When encountering weak or non-specific eIF4A3 antibody signals, implement a systematic troubleshooting approach targeting each experimental variable. For weak signals, first optimize antibody concentration through titration experiments (typically 1:100 to 1:1000 dilutions for commercial antibodies) . Extend primary antibody incubation times to overnight at 4°C to enhance antigen binding while minimizing background. Consider implementing signal amplification methods such as tyramide signal amplification (TSA) or using higher-sensitivity detection systems. For non-specific background, increase blocking stringency by extending blocking times (2+ hours) and using a combination of 5% serum and 1-2% BSA in PBS with 0.1-0.3% detergent . Perform additional washing steps (5-6 washes of 10 minutes each) with PBS containing 0.1% Tween-20 to remove unbound antibodies. If nuclear background persists, include 100-200 mM NaCl in wash buffers to disrupt low-affinity interactions. For cross-reactivity issues, pre-adsorb the antibody with cell lysates from organisms not expressing the target protein. Evaluate multiple antibody clones targeting different eIF4A3 epitopes to identify optimal specificity . Consider using siRNA knockdown controls alongside your experiments to definitively distinguish between specific and non-specific signals. Systematic documentation of each optimization step creates a reliable troubleshooting framework for future experiments.
Implementing rigorous controls is essential for validating eIF4A3 antibody experiments. Primary negative controls should include: (1) omission of primary antibody while maintaining all other reagents to detect non-specific secondary antibody binding; (2) isotype controls using non-specific IgG from the same species as the eIF4A3 antibody at equivalent concentrations to identify Fc receptor-mediated binding; and (3) pre-immune serum controls for polyclonal antibodies . For positive controls, include cell lines with documented eIF4A3 expression (such as HeLa cells) that show the characteristic nuclear speckle pattern associated with splicing machinery localization . Genetic modification controls provide the gold standard for antibody validation—implement siRNA or shRNA knockdown of eIF4A3 to demonstrate signal reduction proportional to protein depletion levels. If available, use eIF4A3-overexpressing cells as a complementary positive control.
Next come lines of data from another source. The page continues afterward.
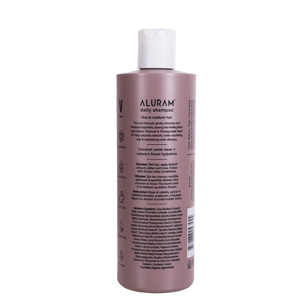 Clean beauty with a clear conscience. Free of formulas which are harmful to hair and the environment. With a powerfully plant-driven formulation started in a base of hydration-rich Coconut Water, Aluram Daily Shampoo is infused with nourishing Marula Oil to create the most effective daily, lightweight shampoo. Vegan, sulphate free, gluten free, paraben free, silicone free and colour safe. Made in the USA.
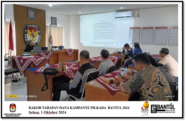 Selasa, 1 Oktober 2024, Pukul 10.00 WIB KPU Bantul menyelenggarakan koordinasi dengan Petugas Penghubung (LO) Paslon, Bawaslu Bantul, Polres Bantul, Bakesbangpol dan Tapem Pemda Bantul untuk menguatkan pelaksanaan Kegiatan Tahapan Dana Kampanye Pilkada Bantul 2024. Hadir dalam rakor tersebut Rifki dan Salsabila (Bawaslu Bantul), Darmanto (Polres Bantul), Fitra dan Ari (LO Paslon 01), Patra (LO Paslon 02), Adip (LO Paslon 03) dan Nur Albait (Bakesbangpol). Ketua Divisi Teknis Penyelenggaraan KPU Bantul, Mestri Widodo memandu kegiatan dan membuka materi rakor tentang pedoman regulasi kegiatan tahapan dana kampanye dalam Pilkada Serentak Tahun 2024, yaitu
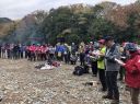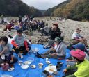 嵐山渓谷バーベキュー場では、三人のお姉さま方が、車で調理器具、食材を積み先に来て、けんちんうどんを調理してくれていた。そのほかにも、煮卵、かぶの漬物、茄子の和え物、ジャガイモの煮っころがしなどの、愛情のこもった家庭料理に舌鼓する。このような広々とした河原で飲む酒は、格別である。みな笑顔で酒を飲み交わしていた。他の会の鍋料理も舌鼓、石狩鍋、キノコ汁、すいとん、はっと汁、お汁粉と、どの鍋も美味しくいただけました。
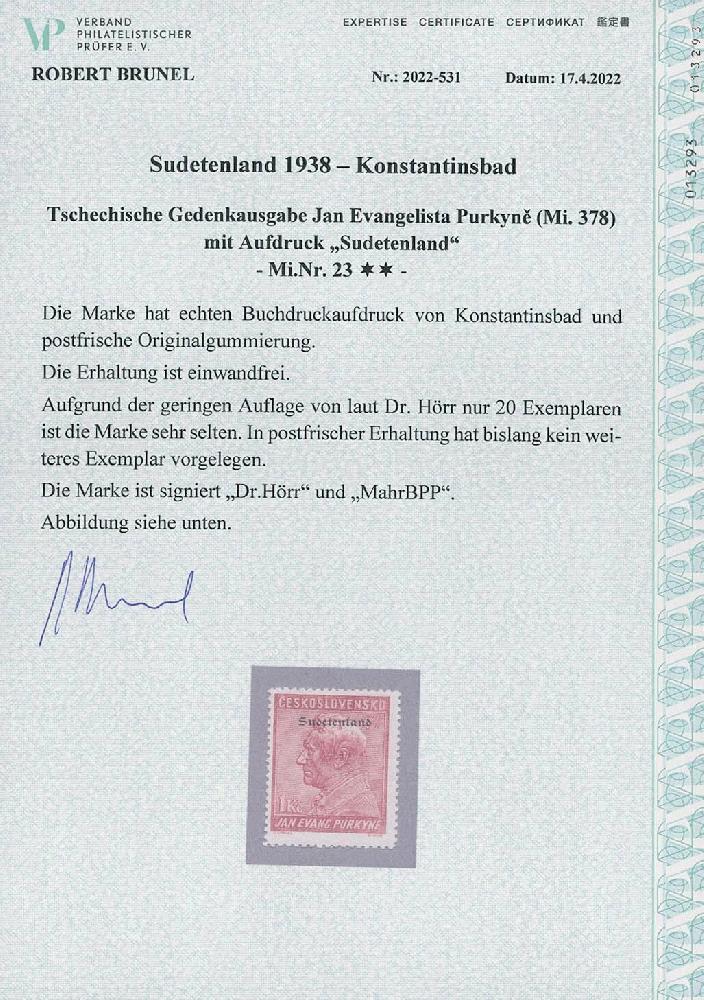 | Zusatzinformationen und Suchstichworte: | Ulrich Felzmann 175. Auktion Auktionstermin: 30. Juni 2022 Los 5731 Sudetenland Konstantinsbad 1 Kc Purkyne tadellos postfrisch (!) in vollzähniger Spitzen-Erhaltung, sign. Dr. Hörr und Mahr BPP sowie Fotoattest Brunel "... einwandfrei ... sehr selten. In postfrischer Erhaltung hat bislang kein weiteres Exemplar vorgelegen" - Angesichts der geringen Auflage von nur 20 Exemplaren ein offensichtlich einmaliges Top-Stück Zuschlag 5.400,00 EUR |

For co-localization studies, include antibodies against known EJC components like MAGOH, RBM8A, or splicing markers like SC35 to confirm physiologically relevant localization patterns . In Western blot applications, recombinant eIF4A3 protein can serve as a positive control, while lysates from cells where eIF4A3 has been genetically depleted provide negative controls. Document and report all control experiments to establish the specificity and reliability of your findings.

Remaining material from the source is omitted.